Arlindo Carvalho has resigned as Minister of Natural Resources of the tiny island state of Sao Tome and Principe amid allegations of irregular procedure and high-level corruption in the award of offshore oil exploration rights.
This row is continuing to delay the award of fresh acreage in offshore waters shared with Nigeria.
Carvalho quit on Monday, citing the existence of private interests in the oil business which had resulted in previous governments signing unfavourable accords with the Nigerian-controlled oil company Environmental Remediation Holding Corporation (ERHC).
Obligations entered into by previous administrations were having a negative impact on current negotiations to award new offshore blocks for exploration, he added.
Two weeks earlier, President Fradique de Menezes sacked his personal adviser on petroleum issues, Patrice Trovoada.
Menezes accused Trovoada of using his official post to further his own private business interests. The president said in a statement there was "a clear situation of conflict between his own interests and those of the country".
Another of Menezes' former advisers, Manuel Rita, has also been forced to quit after revelations that he owned shares in ERHC.
Menezes, meanwhile, has been accused of taking money from interests close to the Nigerian-controlled company in the past.
This row simmers on and has forced the president to take a back seat in deciding how offshore blocks should be allocated to competing oil companies, as he prepares his campaign to run for a second five-year term in 2006.
Menezes announced at the weekend that he would stand down from Sao Tome's National Petroleum Council, which is charged with recommending which bids should be accepted.
The president said that in future he would simply exercise a watchdog role over the award of exploration rights at arm's length from the process of detailed decision making.
Sao Tome and Nigeria signed a first contract awarding exploration rights in their Joint Development Zone to a consortium led by US oil giants ChevronTexaco and Exxonmobil on 1 February.
The deal triggered a front-end bonus payment of US $123 million, of which Sao Tome is due to receive $49 million.
However, the award of a further five offshore blocks to companies, which took part in a second licensing round last year, has been delayed by a row over the status of ERHC.

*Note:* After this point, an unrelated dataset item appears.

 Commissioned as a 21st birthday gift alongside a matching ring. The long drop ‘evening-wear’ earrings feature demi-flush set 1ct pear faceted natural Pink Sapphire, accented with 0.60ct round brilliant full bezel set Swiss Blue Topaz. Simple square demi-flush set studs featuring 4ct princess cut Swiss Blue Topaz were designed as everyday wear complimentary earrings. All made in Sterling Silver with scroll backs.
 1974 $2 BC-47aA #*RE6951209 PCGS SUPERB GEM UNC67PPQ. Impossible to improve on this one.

The US-registered company is controlled by Sir Emeka Offor, a wealthy Nigerian businessman who is widely reported to have enjoyed close links with Nigeria's former military ruler Sani Abacha.
Offor owns 35 percent of ERHC and is chairman of the company. It has no tangible oil assets and has never drilled a single oil well.

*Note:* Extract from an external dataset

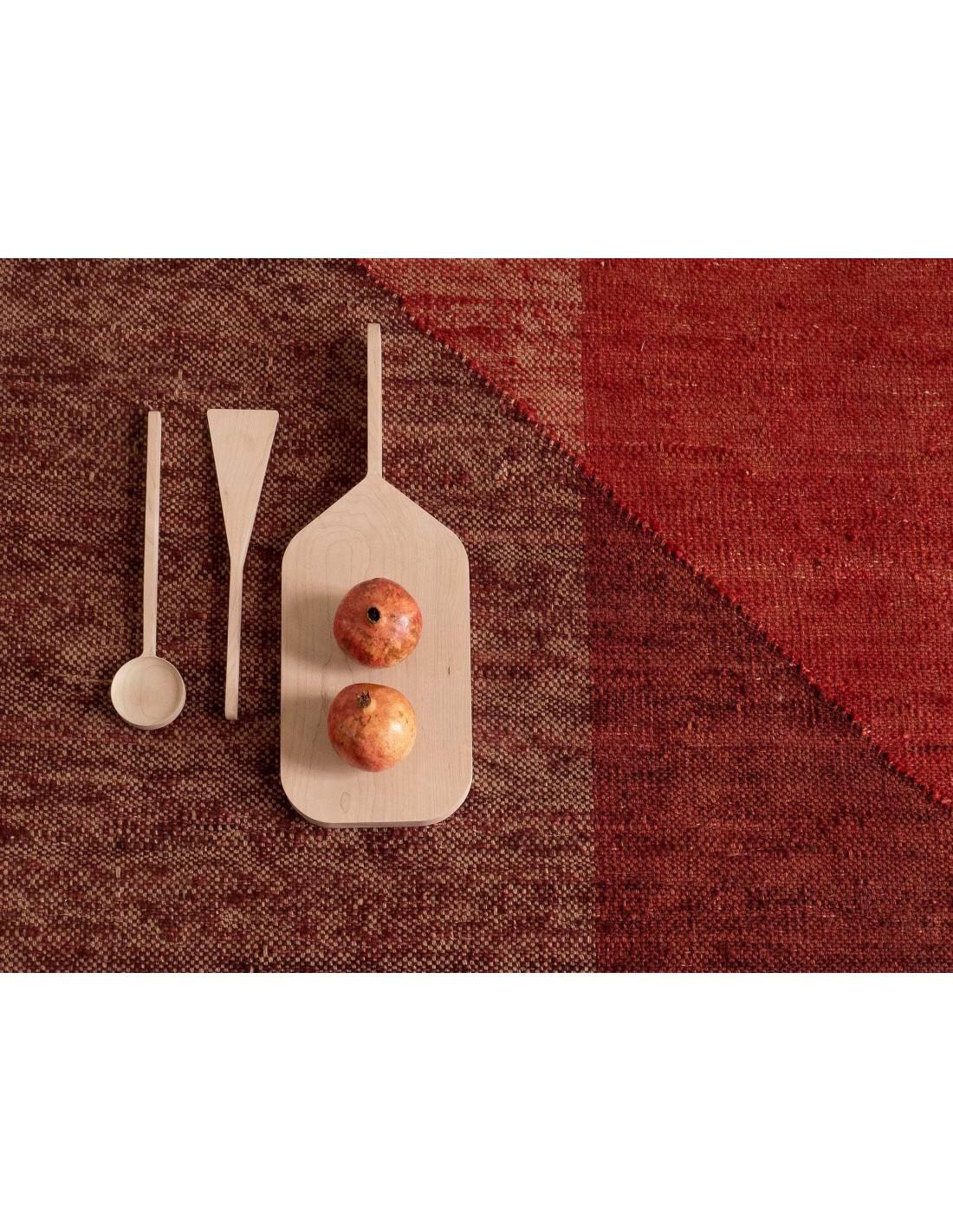 Manual weaving on a vertical or horizontal loom that plays with the intersection between weft and warp. It is characterized by being thin, hairless and with geometric motifs. High-density rugs, durable and resistant, even in the case of very light rugs.Caratteristiche del Capas Tappeto 1 170x240
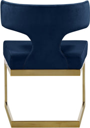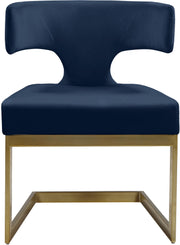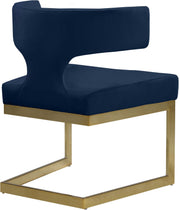 Bring artful living to your dining room with this Alexandra velvet dining chair. This sumptuously appointed chair has a back design that cradles your body as you sit, making dinner time an experiment in total relaxation. Soft navy velvet upholstery covers the back and the plumply padded seat, ensuring you get extra cozy while you eat. A rich gold metal base adds to the chair���s beautiful durability.

However, in 1997, ERHC negotiated a deal with Sao Tome which gave it preference rights to equity stakes in six different blocks in the Joint Development Zone, including all five currently up for grabs.
That agreement, signed by former president Miguel Trovoada, was renegotiated by Menezes in 2003, two years after he was elected president. But it still leaves ERHC with preferential rights to equity stakes varying in size from 15 to 30 percent in the different offshore blocks.
The present row focuses on opposition allegations that ERHC has been given unfair advantages in the current bidding process for offshore acreage.
As a result, the critics say, Sao Tome is likely to receive less money up front from any oil exploration and production agreement in which the company becomes involved.
Antony Goldman, an oil analyst with Clearwater Research in London, said Menezes had been able to wring some concessions out of ERHC when he renegotiated its agreement with Sao Tome.
But he said the deal was still "ruinously unfavourable" to the government.
"Sao Tome tried to extricate itself from the deal, but just couldn't. I think they are stuck with the deal," he told IRIN.
ERHC has formed a series of partnerships with three different US oil companies with a respectable track record of exploration and production to bid for all the blocks currently on offer.
International oil companies had been expecting Nigeria and Sao Tome to award these blocks in January, but four months later, the deals are still held up by political wrangling.
Goldman said the crux of the problem was block four, where EHRC and is partner Noble Energy have offered a front-end bonus of $57 million along with pledges to take an ambitious drilling programme.
Its rival, the US oil company Anadarko, has offered a much higher bonus of $91 million, but has committed itself to drilling fewer wells over a longer period of time, he said.
The Joint Development Zone was established in 2001 and is administered by a bi-national authority based in the Nigerian capital Abuja.
Under the terms of the agreement, Nigeria will receive 60 percent of the revenues from any oil and gas found in the deep offshore waters, while Sao Tome will receive 40 percent.
The Joint Development Zone is widely believed to contain an extension of Nigeria's existing offshore oilfields. ChevronTexaco is expected to start exploration drilling in 2007.